Source records:
*** Block opens ***

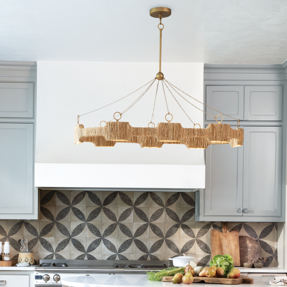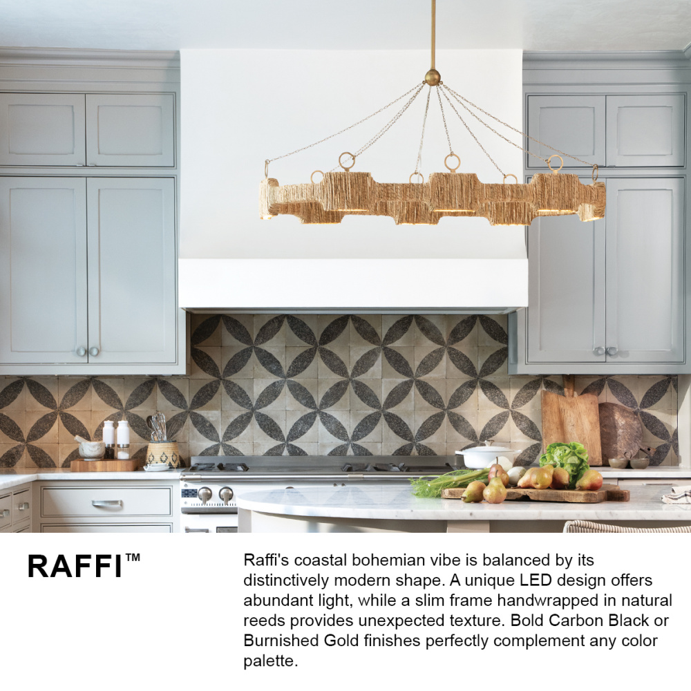 Raffi's coastal bohemian vibe is balanced by its distinctively modern shape. A unique LED design offers abundant light, while a slim frame hand-wrapped in natural reeds provides unexpected texture. Bold Carbon Black or Burnished Gold finishes perfectly complement any color palette.
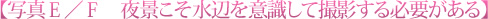 2枚の写真を比較すると、写真Fのほうが華やかなイメージに仕上がっているのがおわかりいただけると思います。夜景を撮るならば、多少欲張りな構図になってしまってもいいので、水辺に映る光を活用するのが得策です。
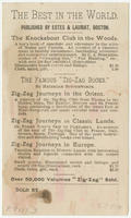 Advertising text for "The Knockabout Club in the Woods" and a list of the famous "Zig-Zag Books" by Hezekiah Butterworth printed on versos.
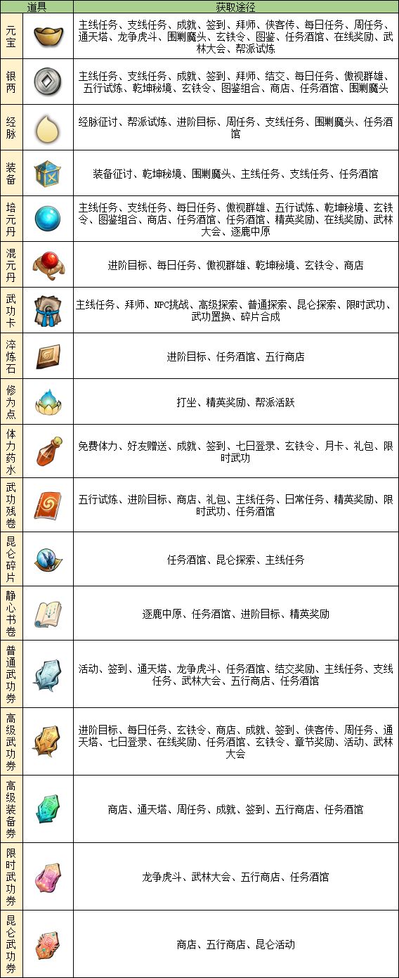 在《挂出个大侠》中,有许多日常要用到的游戏资源。乔妹也看到有玩家反馈的体力不够用、武功券难攒的问题。那么怎么样最快获得想要的资源,它们又分别都有哪些途径产出呢?乔妹为大家整理成了表格,快收藏起来吧!【新增以下道具获取途径】昆仑碎片、装备、淬炼石、经脉、修为点、静心书卷、高级装备券、限时武功券、昆仑武功券
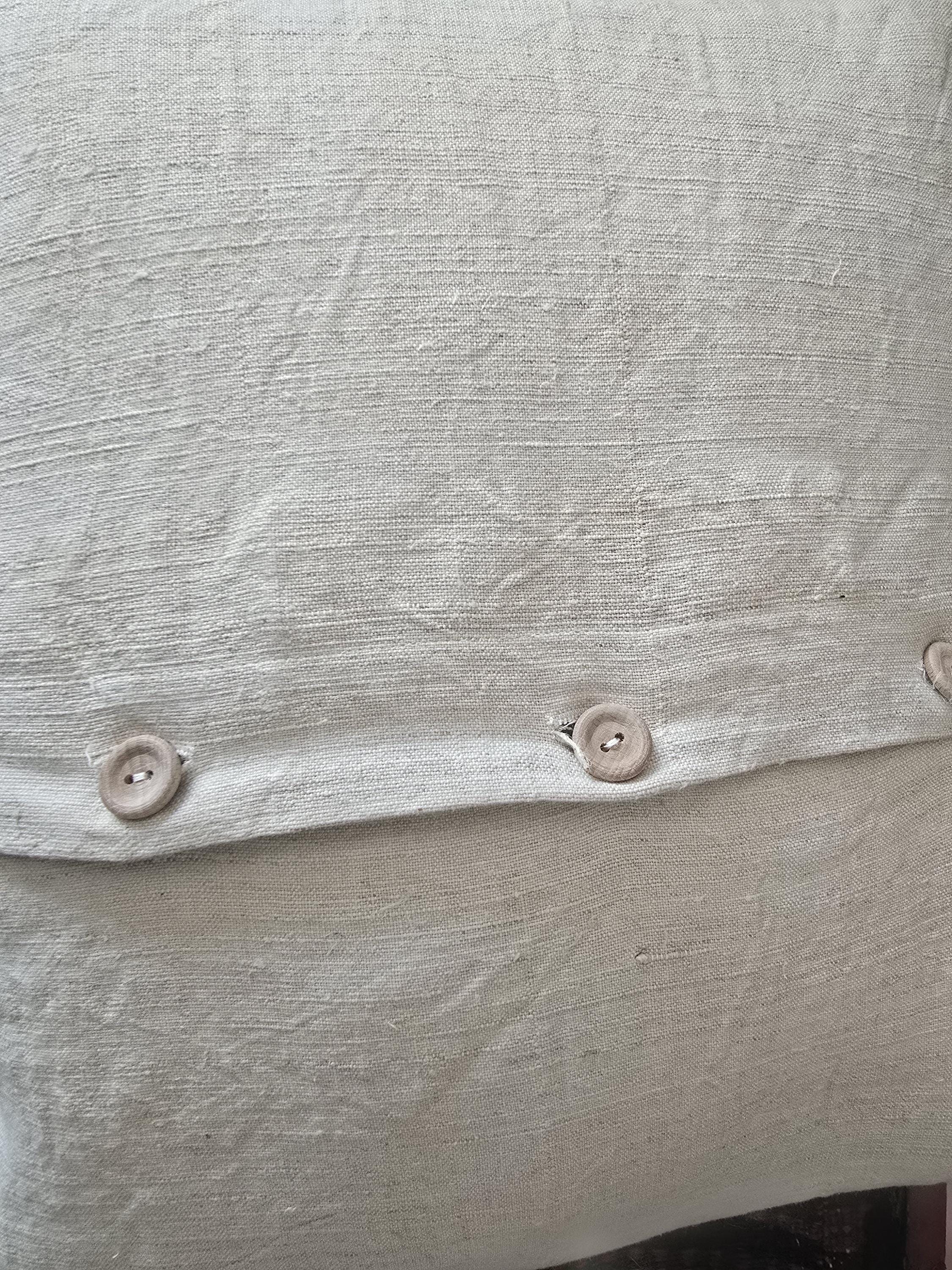 I have replaced the back with vintage home- woven linen. Wooden button fastening.
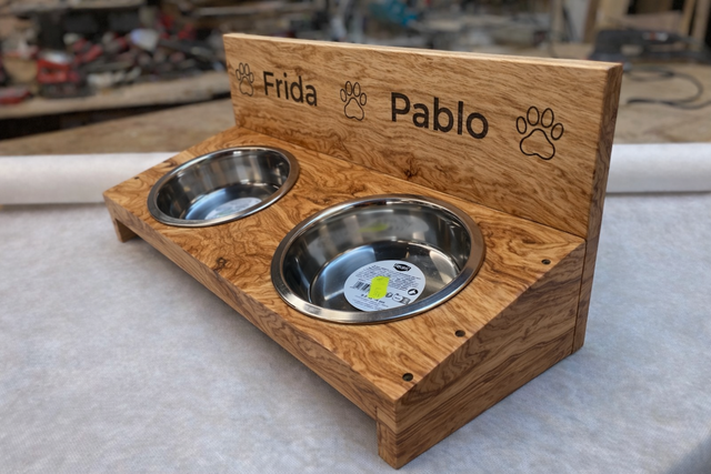 Ergonomic Pet Feeder Stand – Tuscan Olive Wood
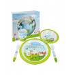 Ein liebevoll gestaltetes 5-teiliges Kinder-Essgeschirrset aus Melamin, bestehend aus Teller, Schüssel, Trinkbecher, Gabel und Löffel. Wird in einer Geschenkverpackung geliefert.
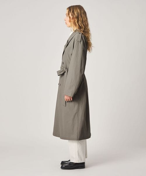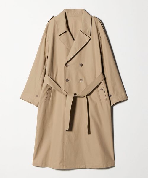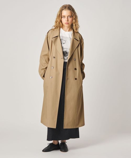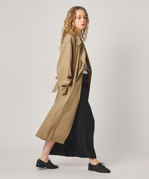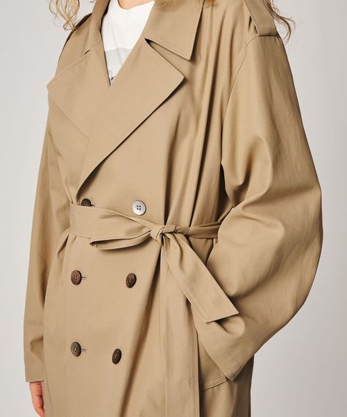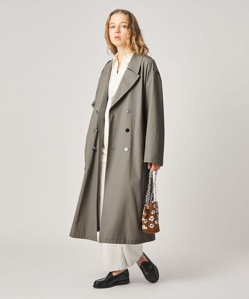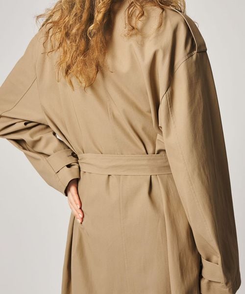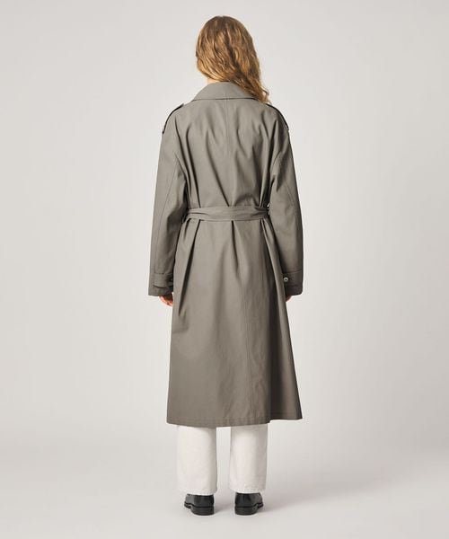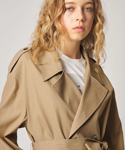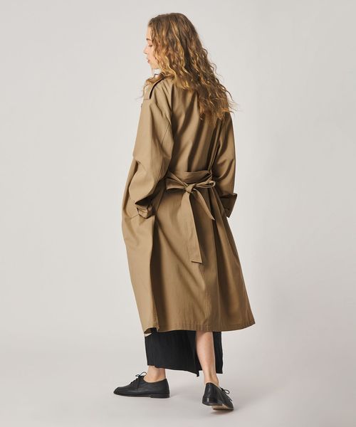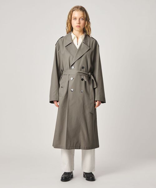 大きめのシルエットながら、無駄をそぎ落としたディテールが際立つ、洗練されたトレンチコート。
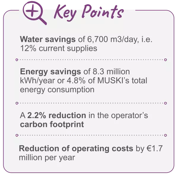 MUSKI supplies water to a population varying from 1 million in the low season to 6 million in the tourist season over contrasting topography reaching 13,000 km².
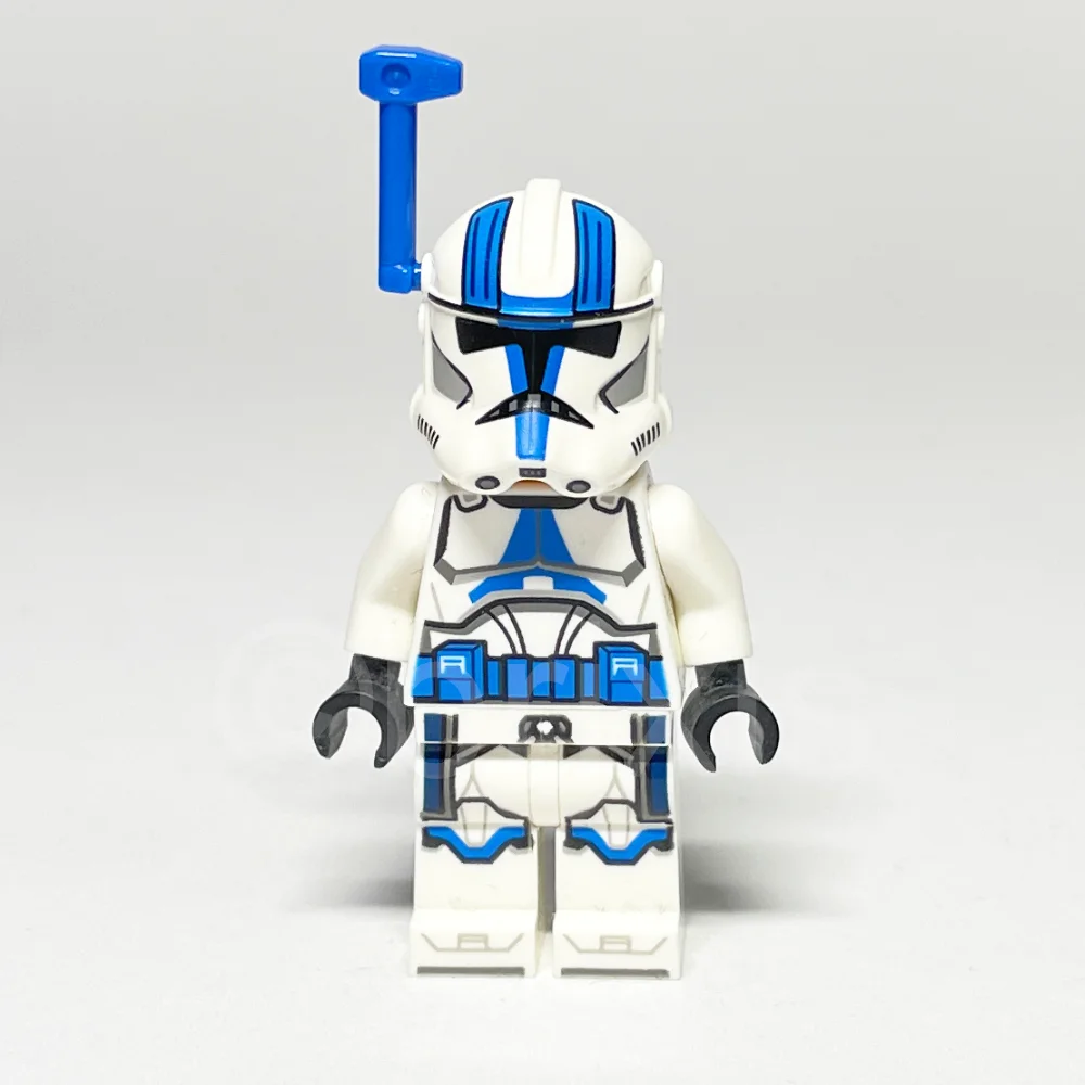 - Torso: Weißer Torso mit Klontruppler-Rüstung, blauen Markierungen der 501. Legion und einem Gürtelmuster, ergänzt durch weiße Arme und schwarze Hände.
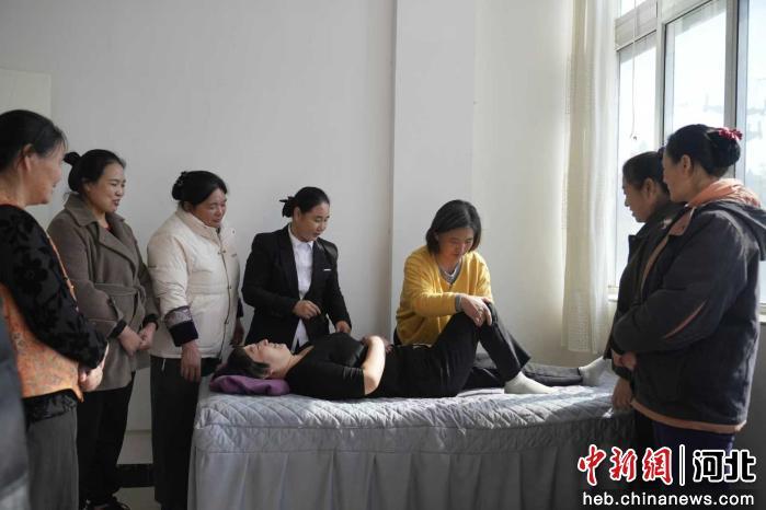 图为任丘市一家政培训基地,学员正在实操老年护理技能。 韩慧峰 摄

*** Block closes ***

Quote the records in their entirety, keeping the wording exact and excluding pictures.

**Written response:**
 Raffi's coastal bohemian vibe is balanced by its distinctively modern shape. A unique LED design offers abundant light, while a slim frame hand-wrapped in natural reeds provides unexpected texture. Bold Carbon Black or Burnished Gold finishes perfectly complement any color palette.
 2枚の写真を比較すると、写真Fのほうが華やかなイメージに仕上がっているのがおわかりいただけると思います。夜景を撮るならば、多少欲張りな構図になってしまってもいいので、水辺に映る光を活用するのが得策です。
 Advertising text for "The Knockabout Club in the Woods" and a list of the famous "Zig-Zag Books" by Hezekiah Butterworth printed on versos.
 在《挂出个大侠》中,有许多日常要用到的游戏资源。乔妹也看到有玩家反馈的体力不够用、武功券难攒的问题。那么怎么样最快获得想要的资源,它们又分别都有哪些途径产出呢?乔妹为大家整理成了表格,快收藏起来吧!【新增以下道具获取途径】昆仑碎片、装备、淬炼石、经脉、修为点、静心书卷、高级装备券、限时武功券、昆仑武功券
 I have replaced the back with vintage home- woven linen. Wooden button fastening.
 Ergonomic Pet Feeder Stand – Tuscan Olive Wood
 Ein liebevoll gestaltetes 5-teiliges Kinder-Essgeschirrset aus Melamin, bestehend aus Teller, Schüssel, Trinkbecher, Gabel und Löffel. Wird in einer Geschenkverpackung geliefert.
 大きめのシルエットながら、無駄をそぎ落としたディテールが際立つ、洗練されたトレンチコート。
 MUSKI supplies water to a population varying from 1 million in the low season to 6 million in the tourist season over contrasting topography reaching 13,000 km².
 - Torso: Weißer Torso mit Klontruppler-Rüstung, blauen Markierungen der 501. Legion und einem Gürtelmuster, ergänzt durch weiße Arme und schwarze Hände.
 图为任丘市一家政培训基地,学员正在实操老年护理技能。 韩慧峰 摄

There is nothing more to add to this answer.